== COLLECTED DATA ==
#####

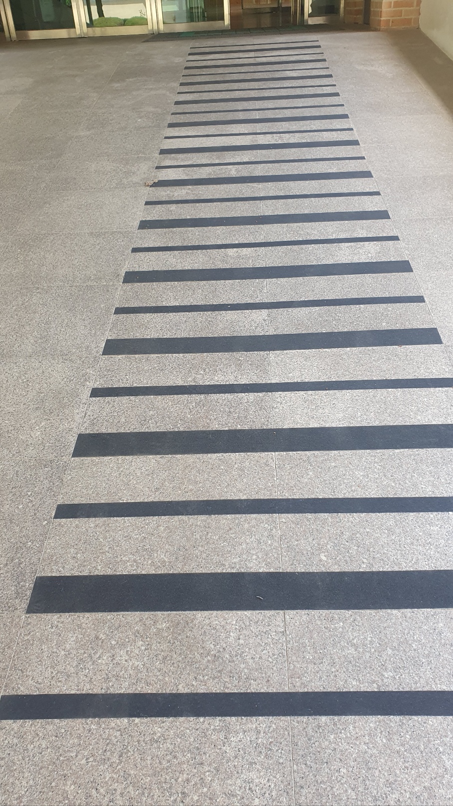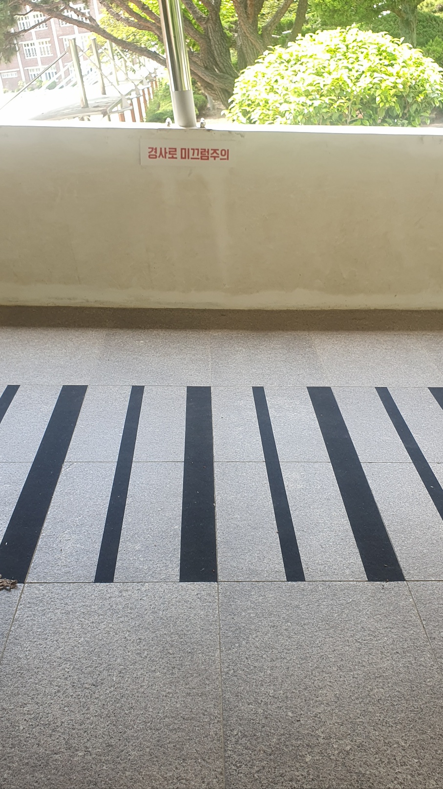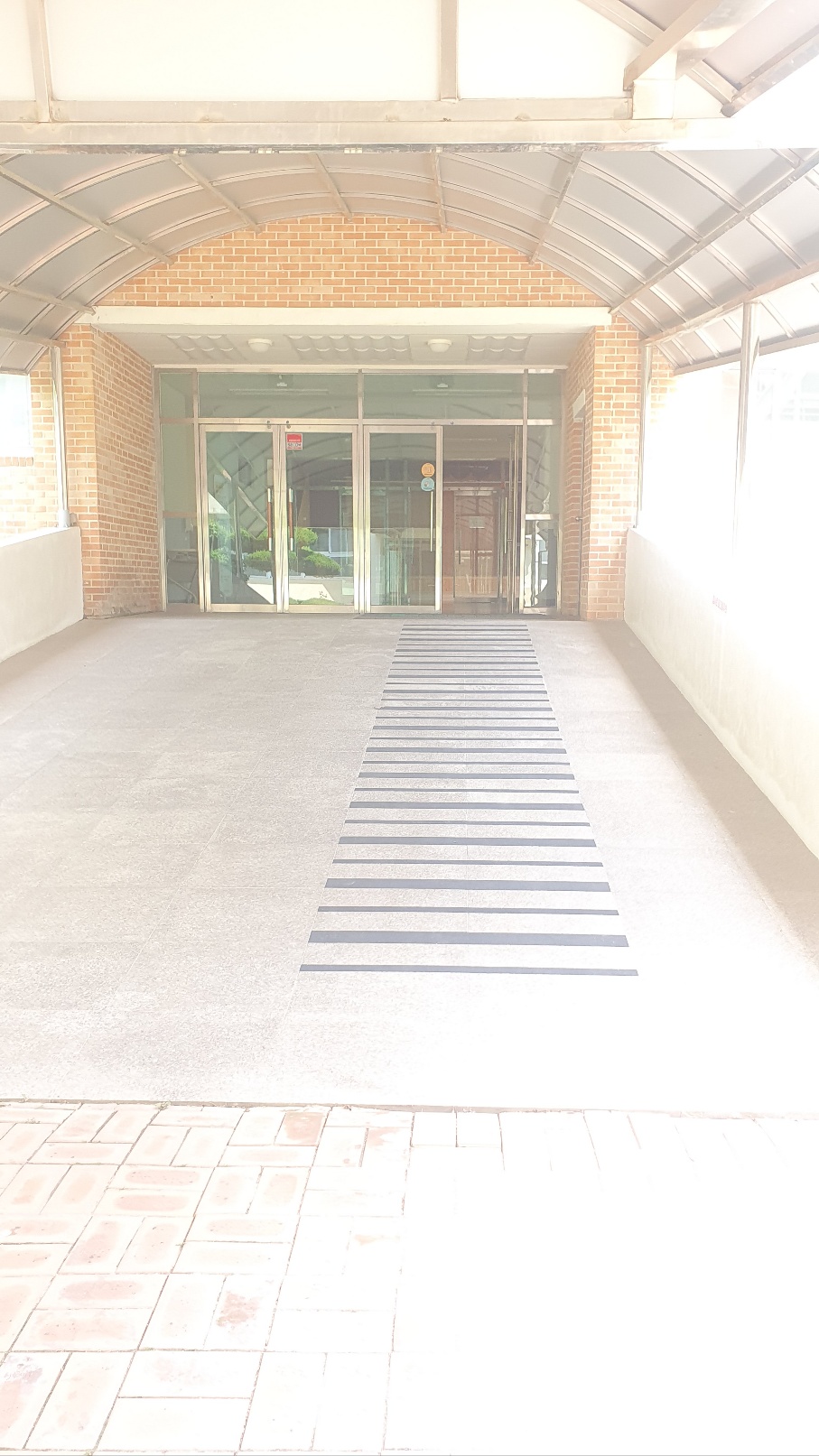 체육관입구 경사로에 미끄럼방지를 위한 논슬립테이프를 부착하여 학생들이 안전하게 통행하고 있습니다
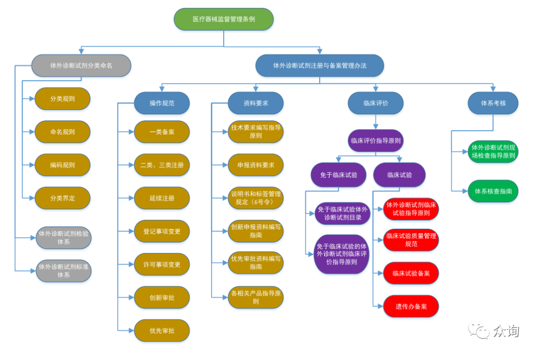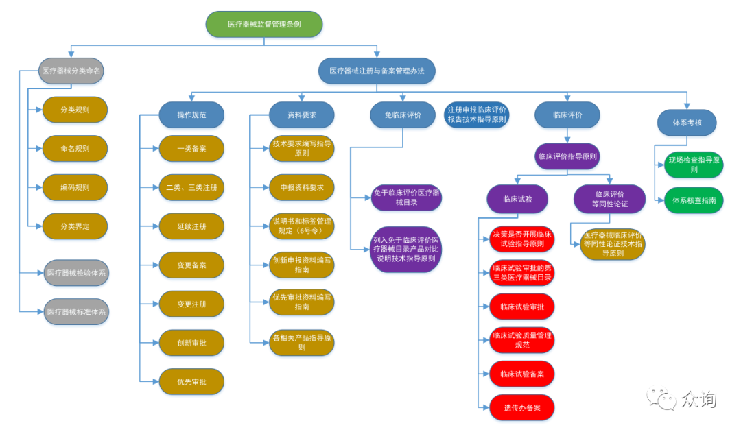 为了方便使用,我们整理了这份流程图,罗列了境内外第二类/第三类医疗器械首次注册、延续注册、变更事项流程,以及创新、优先、应急审批等流程,便于更快速了解医疗器械的监管要求。 1、法规监管结构 2、法规要求框架 Ø医疗器械法规框架
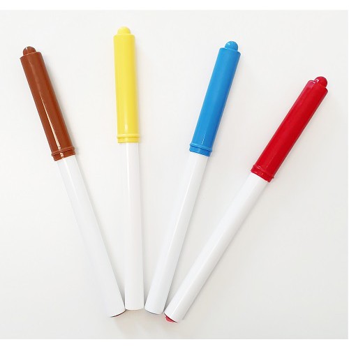 Vier Lebensmittelmarker, die mit essbarer Tinte gefüllt sind. Sie können verwendet werden, um kleine Details, Texte, Linien und mehr zu machen. Kann auf Fondant, Torten und Keksen verwendet werden. Geeignet zum Zeichnen von Augen, Mündern und anderen Details auf Modellfiguren und zum Erstellen von Adern auf Blättern und Blumen. Enthält die Farben Blau, Rot, Gelb und Braun.
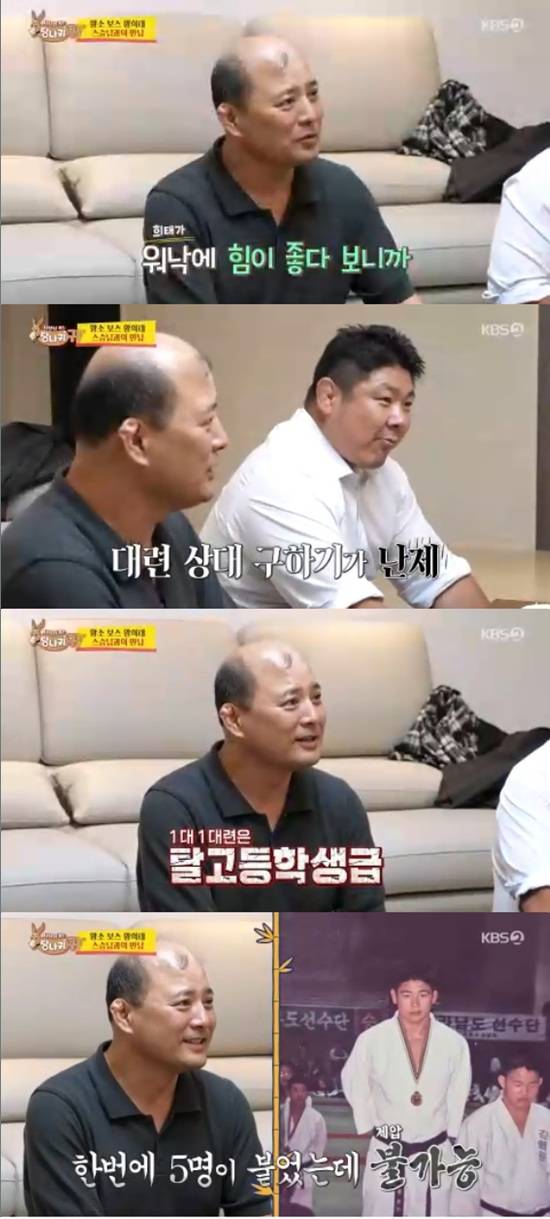 김정석은 "워낙 힘이 좋아서 파트너를 구하기가 쉽지 않았다. 힘 차이가 많이 나서 5명이 붙어도 쉽게 제압이 안 됐다"고 황희태는 학창시절 탈고등학생급이었다고 했다.

#####

== TRY IT ==
The expected result is the complete listing above, printed exactly, with no pictures.

== SOLUTION FOR THIS PROBLEM ==
 체육관입구 경사로에 미끄럼방지를 위한 논슬립테이프를 부착하여 학생들이 안전하게 통행하고 있습니다
 为了方便使用,我们整理了这份流程图,罗列了境内外第二类/第三类医疗器械首次注册、延续注册、变更事项流程,以及创新、优先、应急审批等流程,便于更快速了解医疗器械的监管要求。 1、法规监管结构 2、法规要求框架 Ø医疗器械法规框架
 Vier Lebensmittelmarker, die mit essbarer Tinte gefüllt sind. Sie können verwendet werden, um kleine Details, Texte, Linien und mehr zu machen. Kann auf Fondant, Torten und Keksen verwendet werden. Geeignet zum Zeichnen von Augen, Mündern und anderen Details auf Modellfiguren und zum Erstellen von Adern auf Blättern und Blumen. Enthält die Farben Blau, Rot, Gelb und Braun.
 김정석은 "워낙 힘이 좋아서 파트너를 구하기가 쉽지 않았다. 힘 차이가 많이 나서 5명이 붙어도 쉽게 제압이 안 됐다"고 황희태는 학창시절 탈고등학생급이었다고 했다.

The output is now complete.